In Berlin haben sich am Freitag tausende Schüler:innen am bundesweiten Schulstreik gegen die Wehrpflicht beteiligt.

Ab 12 Uhr versammelten sich nach Angaben beteiligter Gruppen in der Spitze bis zu 10.000 Streikende. Vom Halleschen Tor ging es weiter zum Oranienplatz. Dort schlossen sich ab 16 Uhr auch zunehmend solidarische Erwachsene an, unter ihnen viele Gewerkschafter:innen.

Vom Oranienplatz ging es, nach einer etwas langen Zwischenversammlung, weiter Richtung Neukölln. Der Demozug wurde vom harten Kern der Schüler:innen angeführt, denen die Kälte nichts anzuhaben schien. Durchgehend von klassenkämpferischen Parolen begleitet, ging es am Kottbusser Tor vorbei. Vom Dach des „Zentrum Kreuzberg“ wurde die Demo mit einem Bannerdrop begrüßt. Wer in den dunklen Nachthimmel über sich schaute, erkannte in großen Lettern: „Nein zur Wehrpflicht“ über der Straße, während unten die passenden Sprechchöre angestimmt wurden. Einige Passant:innen signalisierten ihre Zustimmung, andere spähten interessiert nach den Plakaten. Am Hermannplatz gab es eine weitere Verzögerung und die Demo schmolz nun wirklich auf den harten Kern, der am Ende eines langen Streiktages erfolgreich das Rathaus Neukölln erreichte.

Auf der Nachmittagsdemo bildete sich ein Gewerkschaftsblock. Mitglieder von Junge GEW, GEW und Arbeitskreis Internationalismus liefen gemeinsam in der Demo und zeigten ihre Solidarität mit den Schüler:innen.

Schüler:innen sprechen Klartext

SPD-Minister Pistorius nahm laut ARD „in seiner Bundestagsrede keinen Anstoß an den Streiks“ und bezeichnete diese als „großartig“, weil die Streiks neben „dem Interesse und Engagement der Schülerinnen und Schüler“ zeige, dass sie wüssten, „worum es geht“. Dem kann man insofern zustimmen, dass die Schüler:innen in diversen Interviews tatsächlich sehr gute Analysefähigkeiten bewiesen haben. Immer wieder stellten sie klar, dass sie die Bedrohungslage als herbeigeredet empfinden. Damit lassen sie mehr Klarsicht erkennen als viele Kommentator:innen unter den Beiträgen der großen Medienhäuser. Deren Zuschauer:innen scheinen teilweise voll und ganz auf die Erzählungen der Regierung einzusteigen.

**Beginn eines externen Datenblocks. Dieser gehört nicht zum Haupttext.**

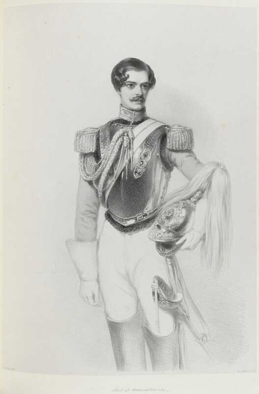 Lord Cony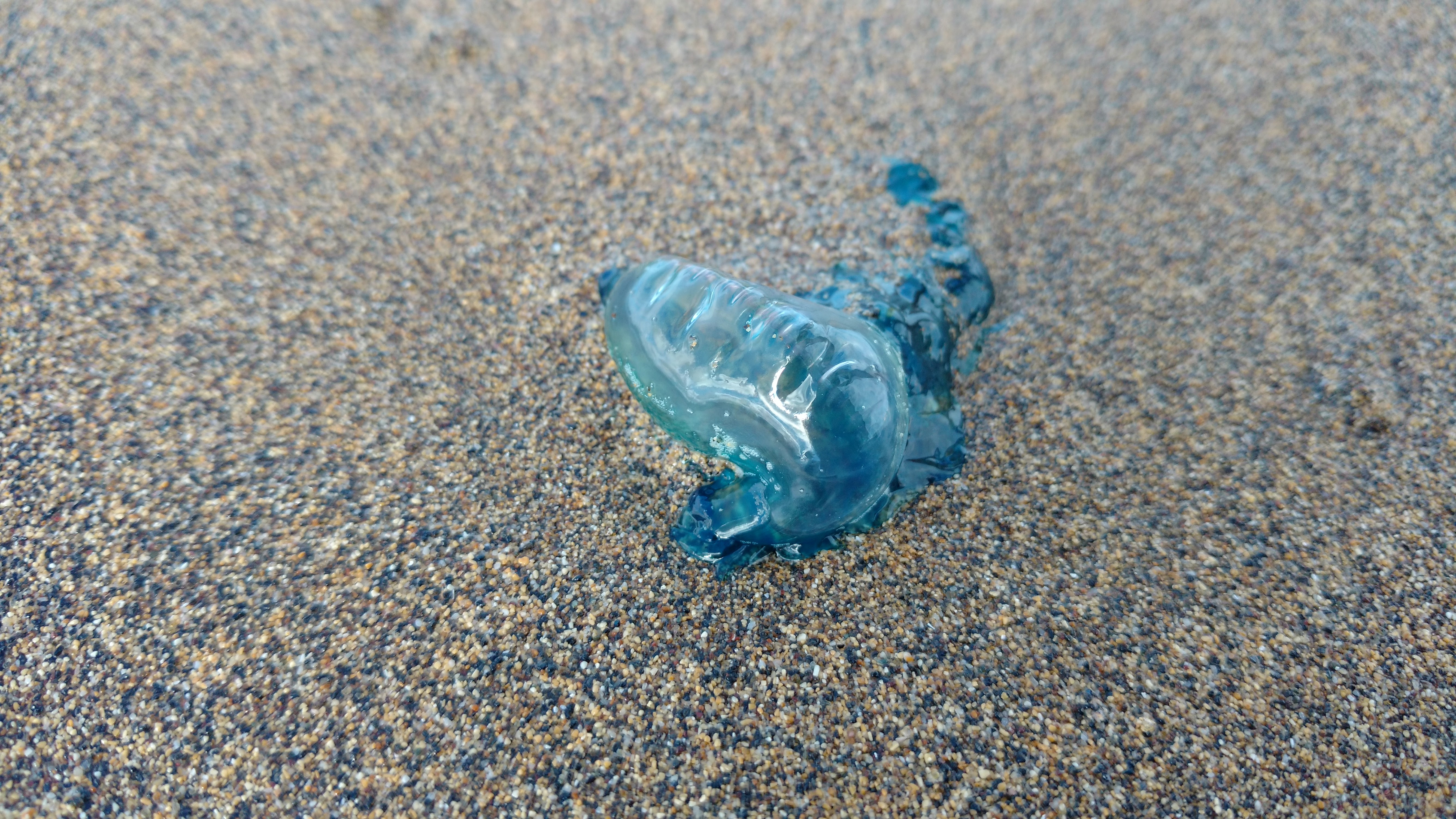 Physalia physalis in Las Cícer, Las Canteras (Gran Canaria)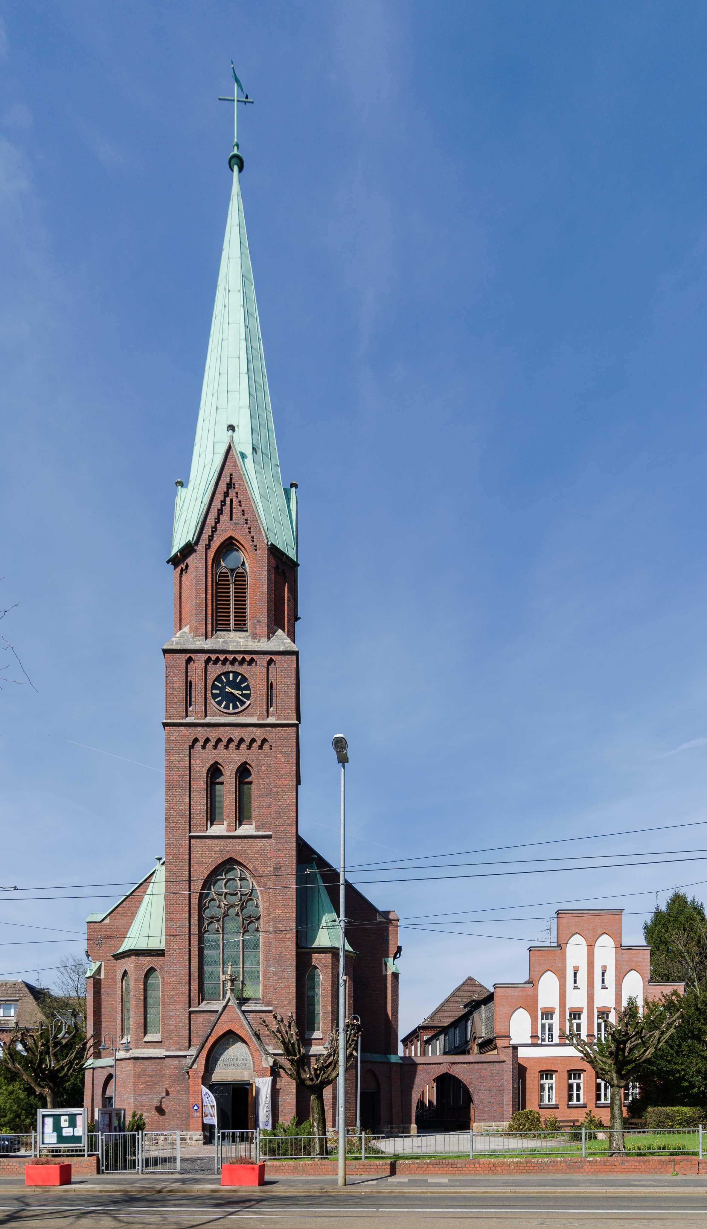 Mülheim (North Rhine-Westphalia, Germany) – district Speldorf – Protestant Luther Church with parish hall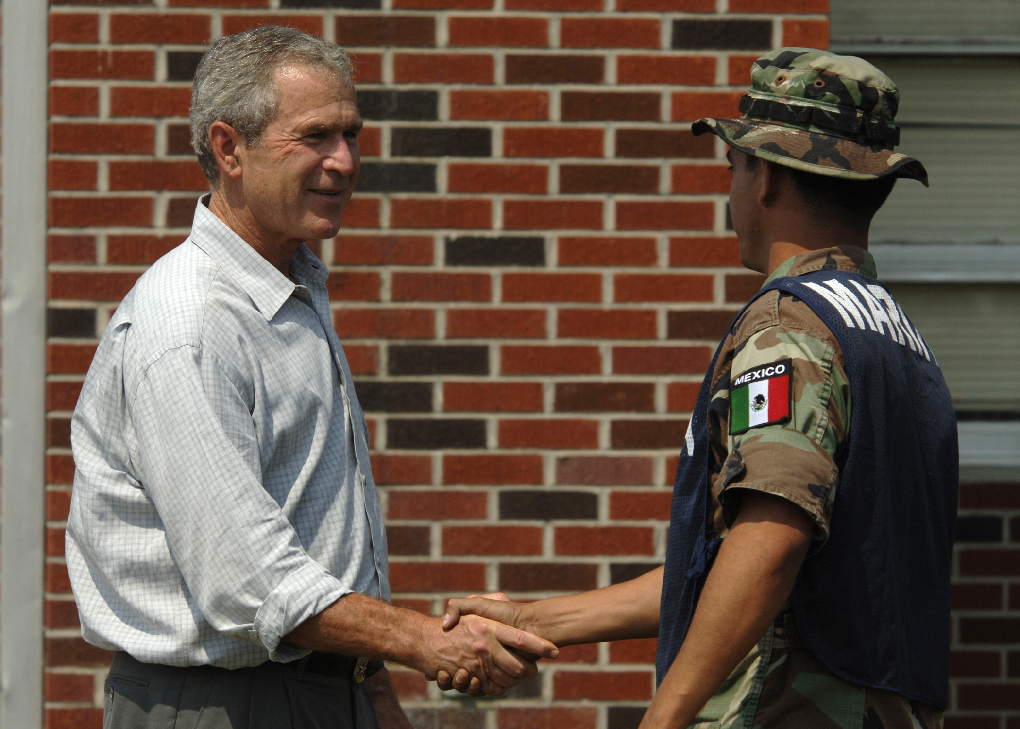 Gulfport, Miss. (Sept. 12, 2005) - President George W. Bush conveys his gratitude to a marine from the Federal Republic of Mexico, on their clean up efforts at 28th Street Elementary School in Gulfport, Miss. President Bush is currently visiting the Gulf Coast region to assess the damage and disaster recovery efforts from Hurricane Katrina. The Mexican Navy is assisting the U.S. Navy in providing humanitarian assistance to victims of Hurricane Katrina. The Navy's involvement in the humanitarian assistance operations are being led by the Federal Emergency Management Agency (FEMA), in conjunction with the Department of Defense. U.S. Navy photo by Senior Chief Photographer's Mate Thomas Coffelt (RELEASED)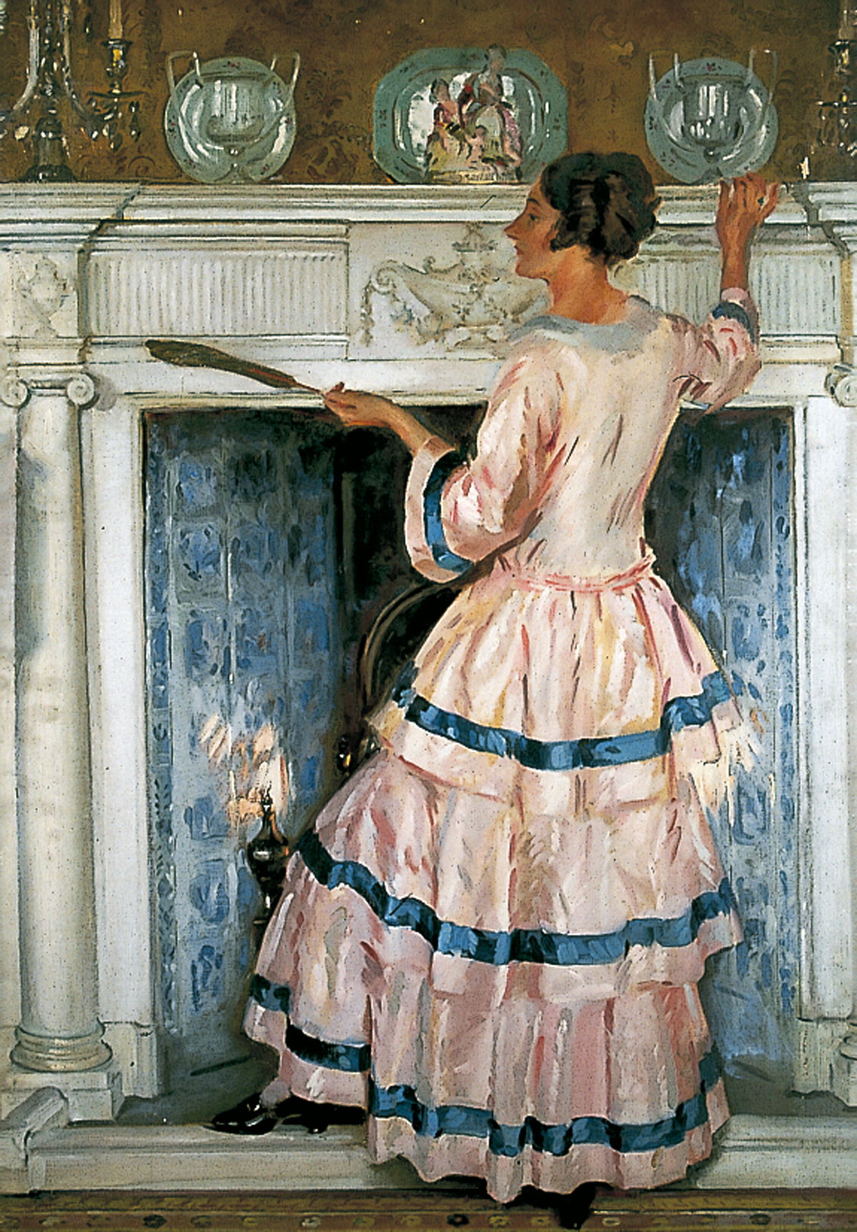 Ranken, William Bruce Ellis; Mrs Kelsey in Pink; York Museums Trust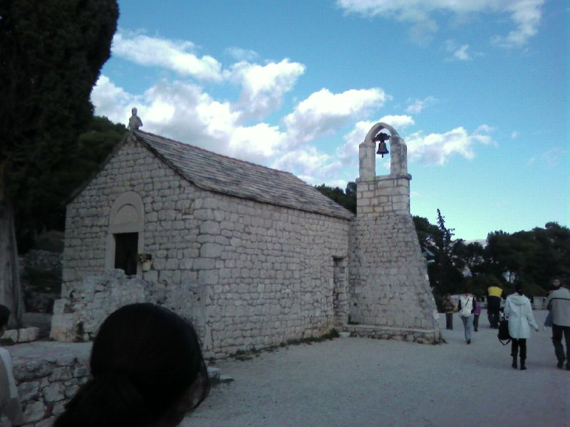 Picture of church St. Nicholas on Marjan, Split, Croatia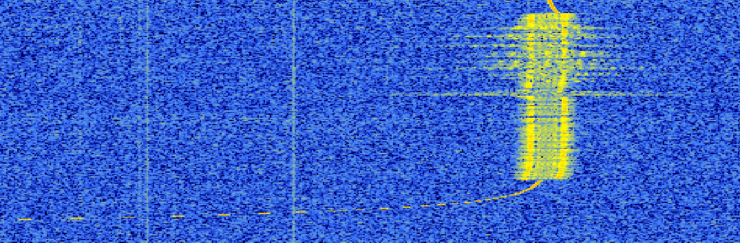 Transponder mode beacon is transmitted every 2 minutes when the satellite is in transponder mode and no uplinks are being attempted.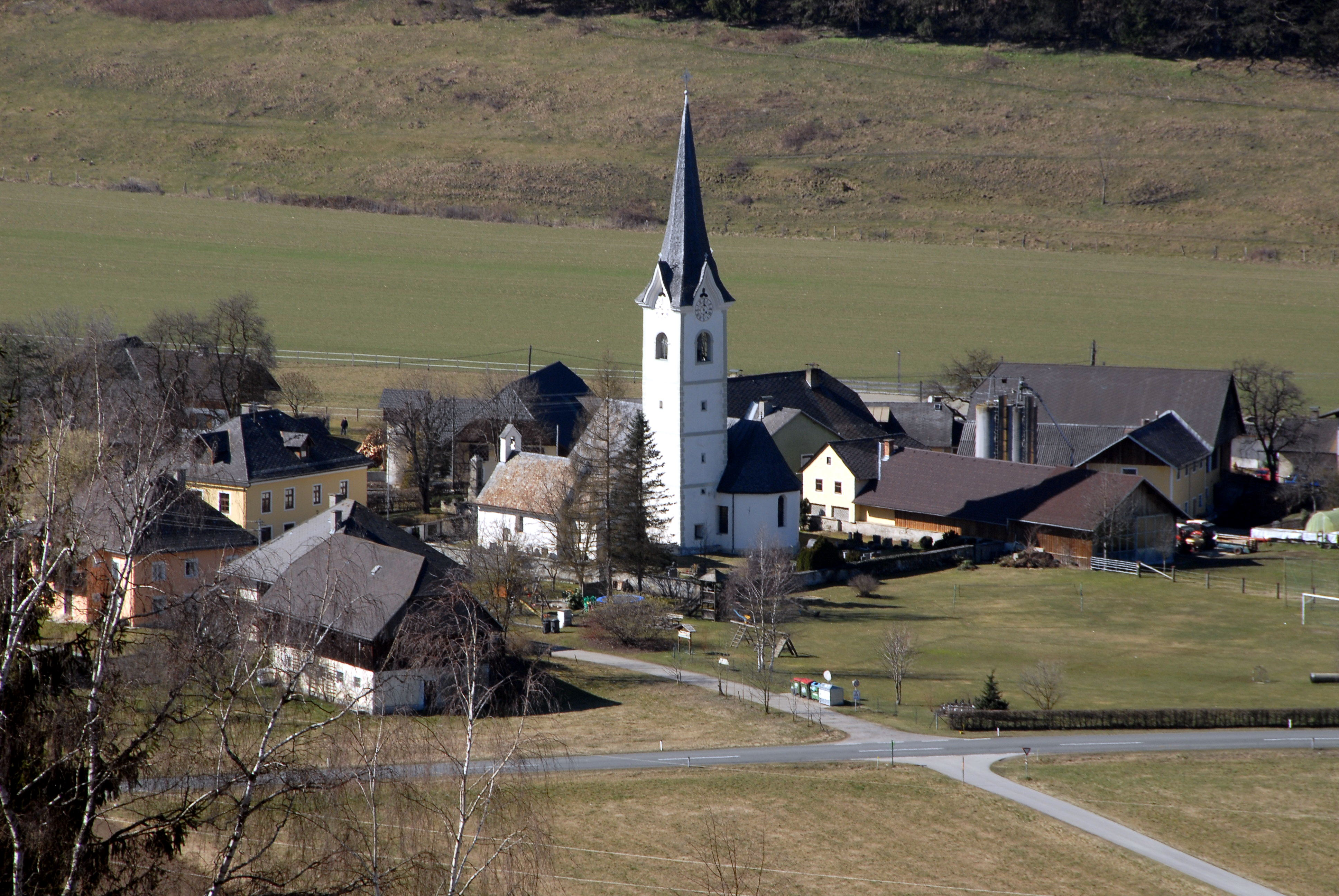 Parish church Saint John the Baptist and subsidiary church Saint Stephen with cemetery in Zweikirchen #1, market town Liebenfels, district Sankt Veit, Carinthia, Austria, EU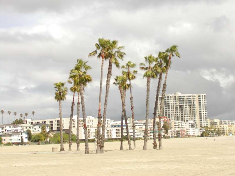 Beach park in Long Beach, Los Angeles County, California.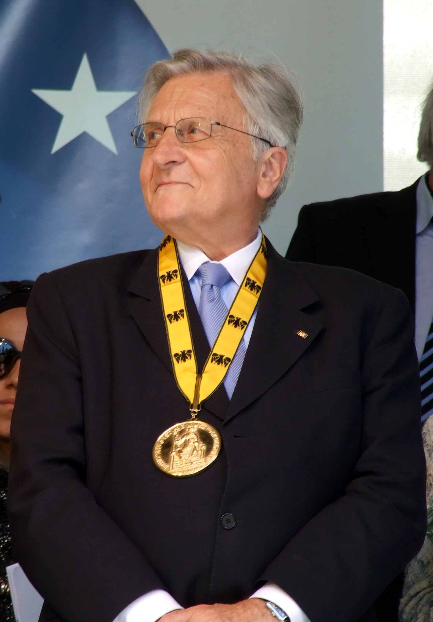 Jean-Claude Trichet at the Charlemagne Prize celebration 2011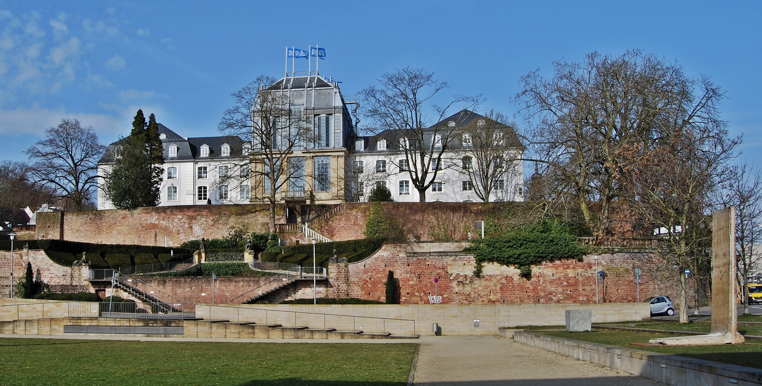 Saarbrücken Castle seen from Landtag of Saarland.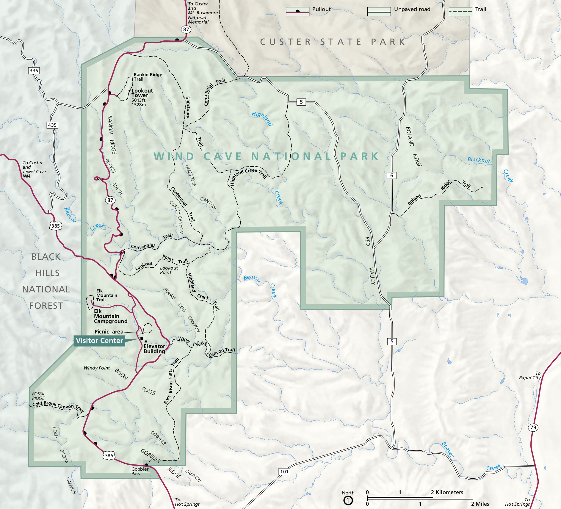 Official Wind Cave National Park map from the brochure, showing roads, trails, campground, and visitor center.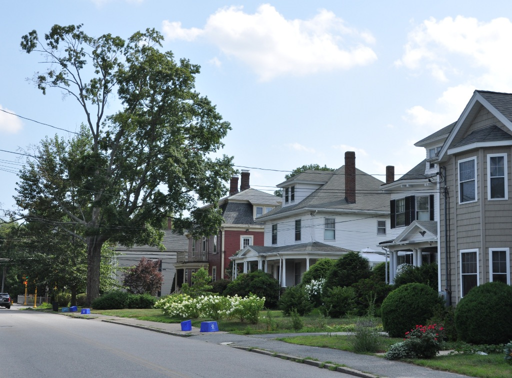 A street scene in the Lyman Street Historic District in Waltham, Massachusetts.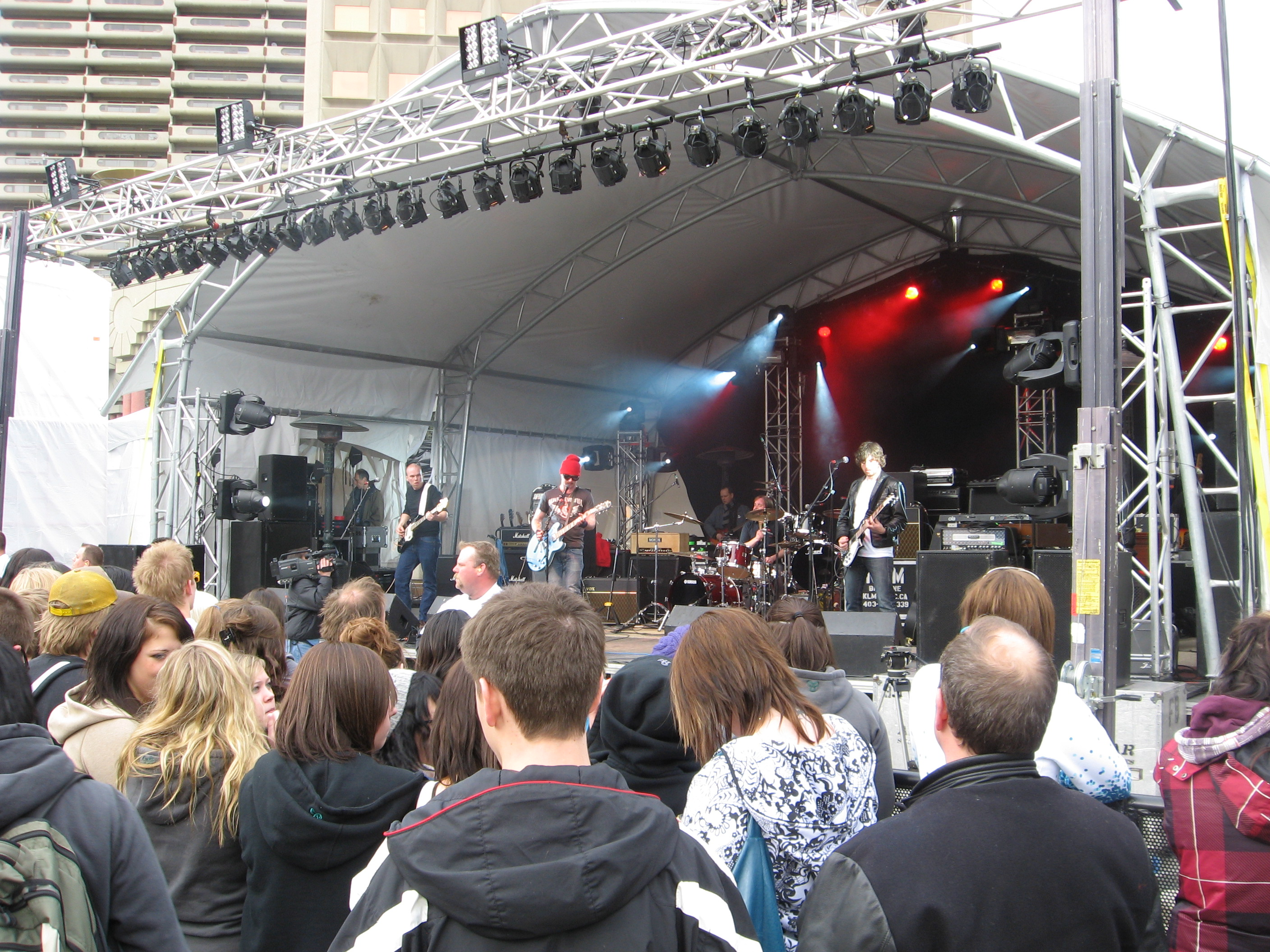 Calgary Indie band "The Dudes" performing at Olympic Plaza on Canada Day, 2007

Die streikenden Schüler:innen wiesen außerdem darauf hin, dass sie sich überhaupt nicht in irgendeiner „moralischen Pflicht“ sehen, ein Land „zu verteidigen“, das nichts für sie bereit hält außer Enttäuschungen und sozialer Ungerechtigkeit. Nach tendenziöser Rückfrage machte der 12-jährige Carl im Interview mit dem RBB klar, dass Leute wie Friedrich Merz gerne selbst die Aufgabe der Landesverteidigung übernehmen sollen.

DGB muss Farbe bekennen

Die Auseinandersetzung hat gerade erst begonnen. Noch betonen regierende Sozialdemokraten, wie willkommen ihnen die demokratischen Proteste seien. Doch das Süßholzraspeln von Pistorius und SPD dürfte angesichts des scharf eingeschlagenen Kriegskurses kaum verfangen. Ebenso wenig wie die Flucht in die Rüstungsproduktion Beschäftigung und Lebensstandard sichern werden, sondern unter dem Strich zur Bedrohung von uns allen werden. Der Wind wird also wohl schon bald sehr viel rauer werden. Dann kommt es auf die Basis der Gewerkschaften an. Die sollte schon jetzt ihre Führungen in die Pflicht nehmen. Der DGB muss sich endlich klar und kompromisslos an die Seite der Lohnabhängigen stellen und den Realitäten ins Auge blicken. Mit dieser Regierung und mit dieser SPD gibt es keine Augenhöhe. Nur Streiks werden etwas bewirken. Massenaktionen der Arbeiter:innen können bei den Kapitalisten, die immer offener eine AfD Regierungsbeteiligung vorantreiben, zu einem Umdenken führen. Wenn die deutschen Gewerkschaften sich nicht endlich entschieden auf Generalstreiks vorbereiten, laufen sie Gefahr damit wieder einmal zu spät zu kommen.